### What is being asked:
The response should be the records below, repeated exactly, with each picture left out.

Extracted records:
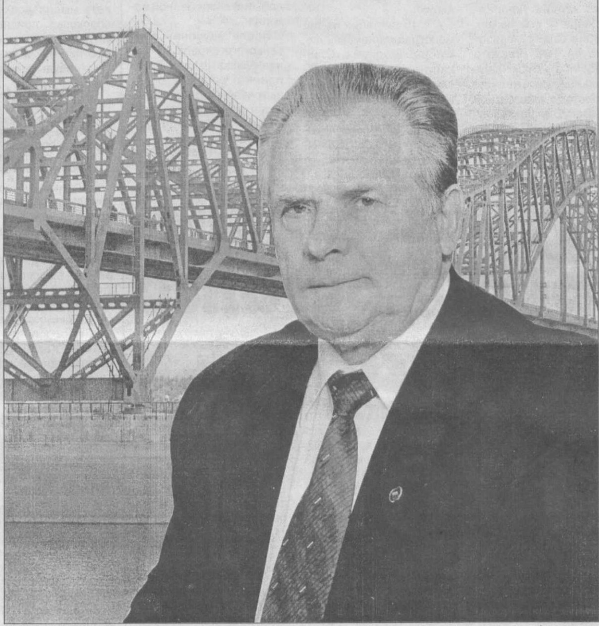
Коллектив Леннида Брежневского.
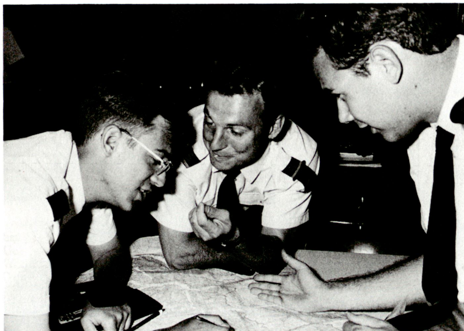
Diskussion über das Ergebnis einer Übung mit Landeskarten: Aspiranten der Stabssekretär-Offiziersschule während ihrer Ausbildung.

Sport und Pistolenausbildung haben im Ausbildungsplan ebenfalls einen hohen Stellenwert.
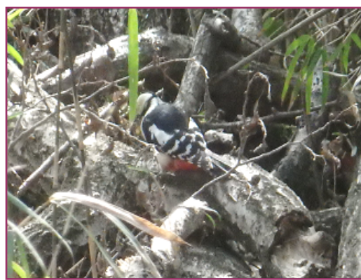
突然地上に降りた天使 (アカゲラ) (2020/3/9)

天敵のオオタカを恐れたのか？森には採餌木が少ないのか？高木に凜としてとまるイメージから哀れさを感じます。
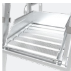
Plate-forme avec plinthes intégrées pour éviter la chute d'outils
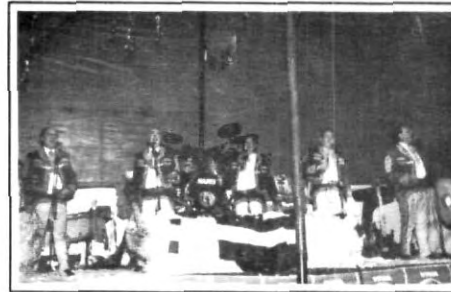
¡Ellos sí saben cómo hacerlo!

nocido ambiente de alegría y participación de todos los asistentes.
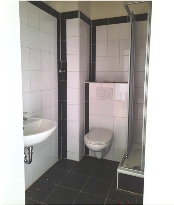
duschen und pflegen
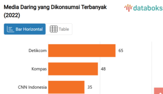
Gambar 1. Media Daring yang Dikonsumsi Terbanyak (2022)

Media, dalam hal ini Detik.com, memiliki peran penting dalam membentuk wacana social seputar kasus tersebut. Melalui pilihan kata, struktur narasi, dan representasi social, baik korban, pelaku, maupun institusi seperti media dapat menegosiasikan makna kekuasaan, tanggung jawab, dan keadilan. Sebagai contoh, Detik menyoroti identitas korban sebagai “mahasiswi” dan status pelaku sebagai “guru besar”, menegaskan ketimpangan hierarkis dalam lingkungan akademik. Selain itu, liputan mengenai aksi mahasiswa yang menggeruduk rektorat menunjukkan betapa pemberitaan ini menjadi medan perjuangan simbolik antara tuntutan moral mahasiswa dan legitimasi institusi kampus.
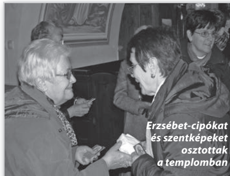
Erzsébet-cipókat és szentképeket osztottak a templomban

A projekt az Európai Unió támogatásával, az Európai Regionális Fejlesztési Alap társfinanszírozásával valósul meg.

### Response below:
Коллектив Леннида Брежневского.
Diskussion über das Ergebnis einer Übung mit Landeskarten: Aspiranten der Stabssekretär-Offiziersschule während ihrer Ausbildung.

Sport und Pistolenausbildung haben im Ausbildungsplan ebenfalls einen hohen Stellenwert.
突然地上に降りた天使 (アカゲラ) (2020/3/9)

天敵のオオタカを恐れたのか？森には採餌木が少ないのか？高木に凜としてとまるイメージから哀れさを感じます。
Plate-forme avec plinthes intégrées pour éviter la chute d'outils
¡Ellos sí saben cómo hacerlo!

nocido ambiente de alegría y participación de todos los asistentes.
duschen und pflegen
Gambar 1. Media Daring yang Dikonsumsi Terbanyak (2022)

Media, dalam hal ini Detik.com, memiliki peran penting dalam membentuk wacana social seputar kasus tersebut. Melalui pilihan kata, struktur narasi, dan representasi social, baik korban, pelaku, maupun institusi seperti media dapat menegosiasikan makna kekuasaan, tanggung jawab, dan keadilan. Sebagai contoh, Detik menyoroti identitas korban sebagai “mahasiswi” dan status pelaku sebagai “guru besar”, menegaskan ketimpangan hierarkis dalam lingkungan akademik. Selain itu, liputan mengenai aksi mahasiswa yang menggeruduk rektorat menunjukkan betapa pemberitaan ini menjadi medan perjuangan simbolik antara tuntutan moral mahasiswa dan legitimasi institusi kampus.
Erzsébet-cipókat és szentképeket osztottak a templomban

A projekt az Európai Unió támogatásával, az Európai Regionális Fejlesztési Alap társfinanszírozásával valósul meg.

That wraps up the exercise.